Nothing but the pictures may be left out. Restate the rest of the entries word for word.

==== Available data ====

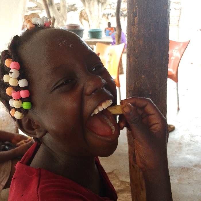 A dark-skinned child with colorful beads in braided hair joyfully eats
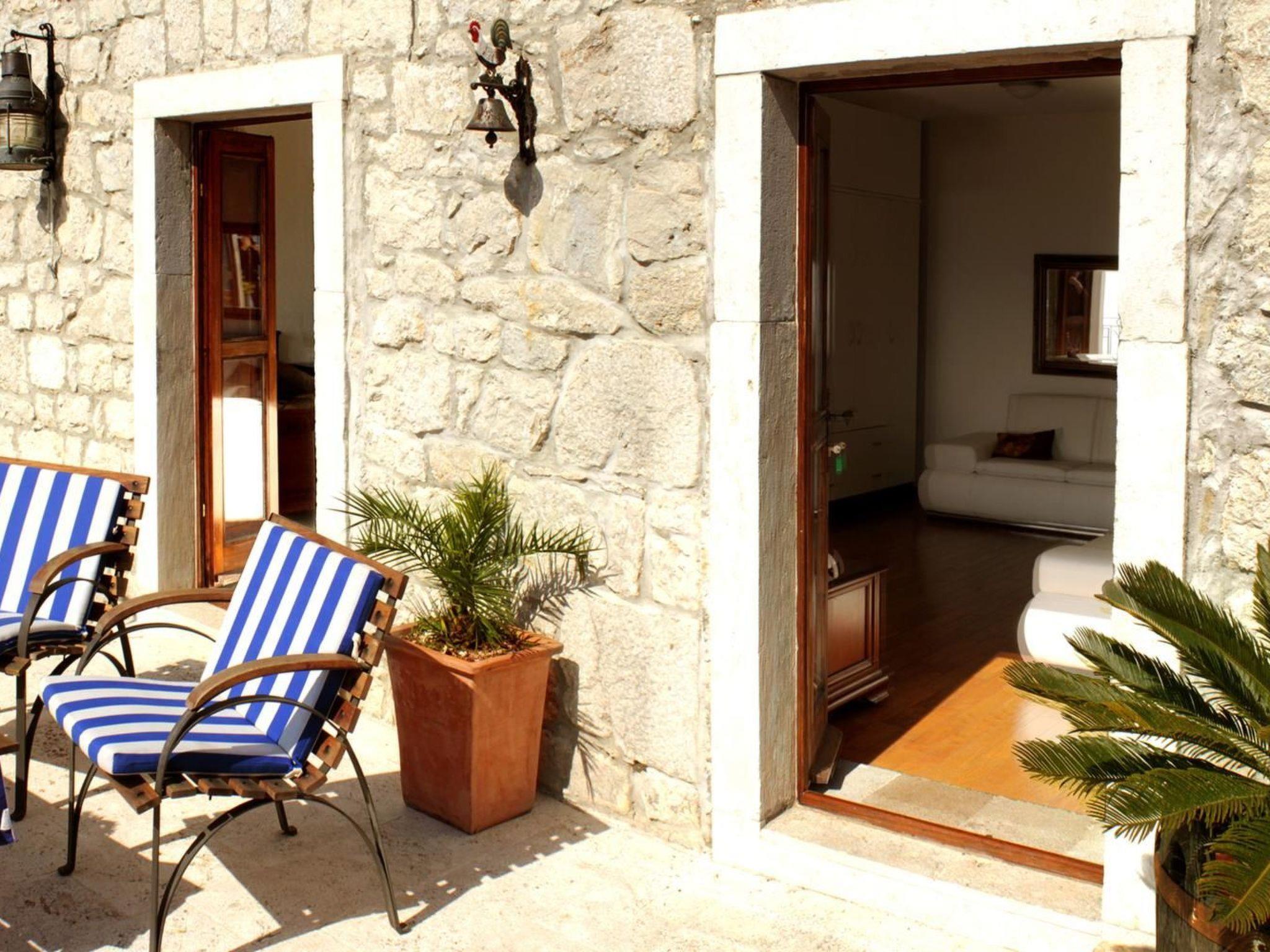 The first floor living area gives access to your private sun terrace which is a real highlight. It is equipped with a table and wooden chairs and offers spectacular views across the mountains and over the village and the sea up to the island of Hvar. During the day, awnings provide protection from the sun and in the evenings you can enjoy long dinners under the starlit sky. A car is recommended to explore the sights and attractions the area has to offer, two parking spaces are available right in front of the villa
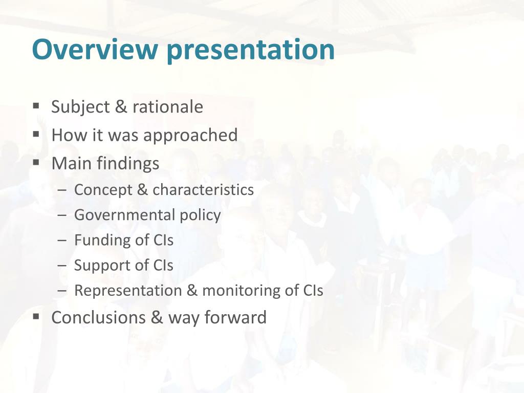 Overview presentation • Subject & rationale • How it was approached • Main findings • Concept & characteristics • Governmental policy • Funding of CIs • Support of CIs • Representation & monitoring of CIs • Conclusions & way forward
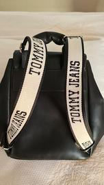 Zainetto nero in ecopelle linea Tommy jeans di Tommy Hifigher. Spallacci in tessuto con logo regolabili molto comodi e zaino capiente, molto leggero ma spesso come imbottitura. Chiusura con bottone e patta tasca interna misure 24hX29 fondo 24X14 manico imbottito. Usato solo una volta
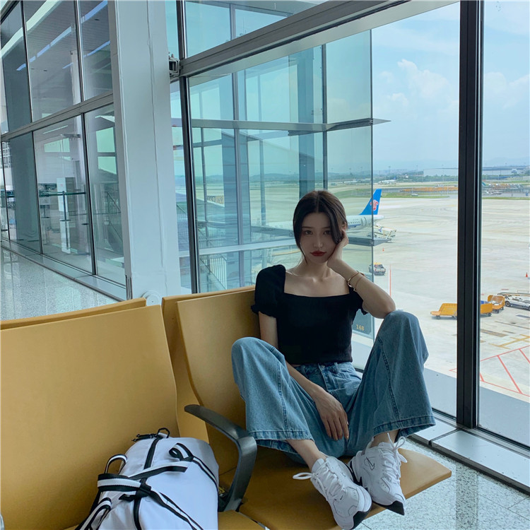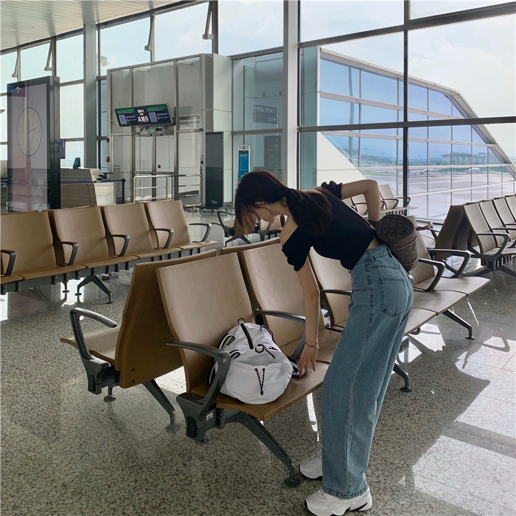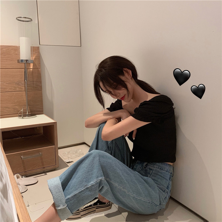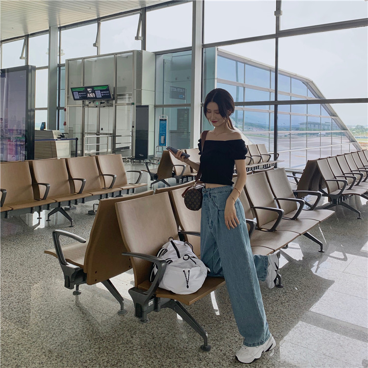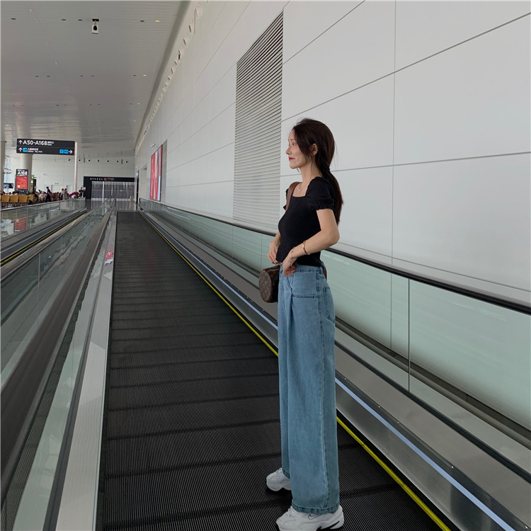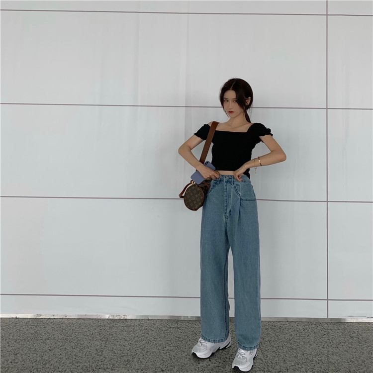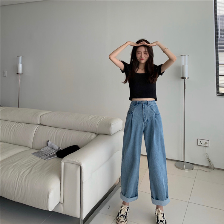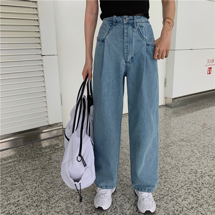 S-L осенние корейские стильные джинсы с высокой талией, женские повседневные синие джинсы с широкими штанинами, женские джинсы для мам
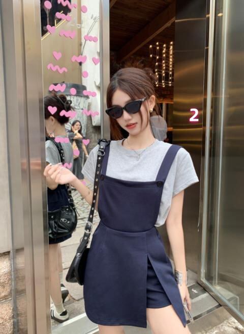 春夏新作 女 レディース 袖なし 吊りスカート ミニ ワンピース ドレス 台型スカート セット
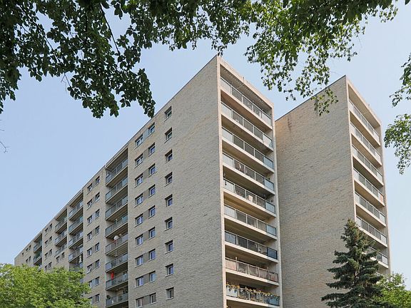 A 12-storey, riverside apartment building in the heart of Osborne Village at 21 Roslyn Road, with breathtaking views of the Legislative Grounds, Downtown and surrounding areas. Each suite has its own covered balcony. Pet friendly. Cable and Central Air included. Underground parking available.
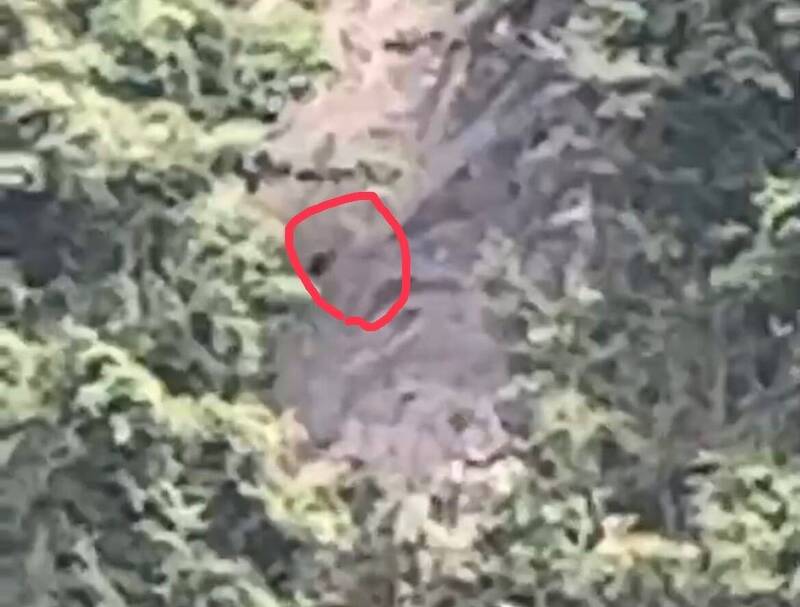 夏克威在清泉瀑布區峭壁拍攝到移動的黑色影子,認為是體格龐大的台灣黑熊。(夏克威提供)

====

== Task response ==
 A dark-skinned child with colorful beads in braided hair joyfully eats
 The first floor living area gives access to your private sun terrace which is a real highlight. It is equipped with a table and wooden chairs and offers spectacular views across the mountains and over the village and the sea up to the island of Hvar. During the day, awnings provide protection from the sun and in the evenings you can enjoy long dinners under the starlit sky. A car is recommended to explore the sights and attractions the area has to offer, two parking spaces are available right in front of the villa
 Overview presentation • Subject & rationale • How it was approached • Main findings • Concept & characteristics • Governmental policy • Funding of CIs • Support of CIs • Representation & monitoring of CIs • Conclusions & way forward
 Zainetto nero in ecopelle linea Tommy jeans di Tommy Hifigher. Spallacci in tessuto con logo regolabili molto comodi e zaino capiente, molto leggero ma spesso come imbottitura. Chiusura con bottone e patta tasca interna misure 24hX29 fondo 24X14 manico imbottito. Usato solo una volta
 S-L осенние корейские стильные джинсы с высокой талией, женские повседневные синие джинсы с широкими штанинами, женские джинсы для мам
 春夏新作 女 レディース 袖なし 吊りスカート ミニ ワンピース ドレス 台型スカート セット
 A 12-storey, riverside apartment building in the heart of Osborne Village at 21 Roslyn Road, with breathtaking views of the Legislative Grounds, Downtown and surrounding areas. Each suite has its own covered balcony. Pet friendly. Cable and Central Air included. Underground parking available.
 夏克威在清泉瀑布區峭壁拍攝到移動的黑色影子,認為是體格龐大的台灣黑熊。(夏克威提供)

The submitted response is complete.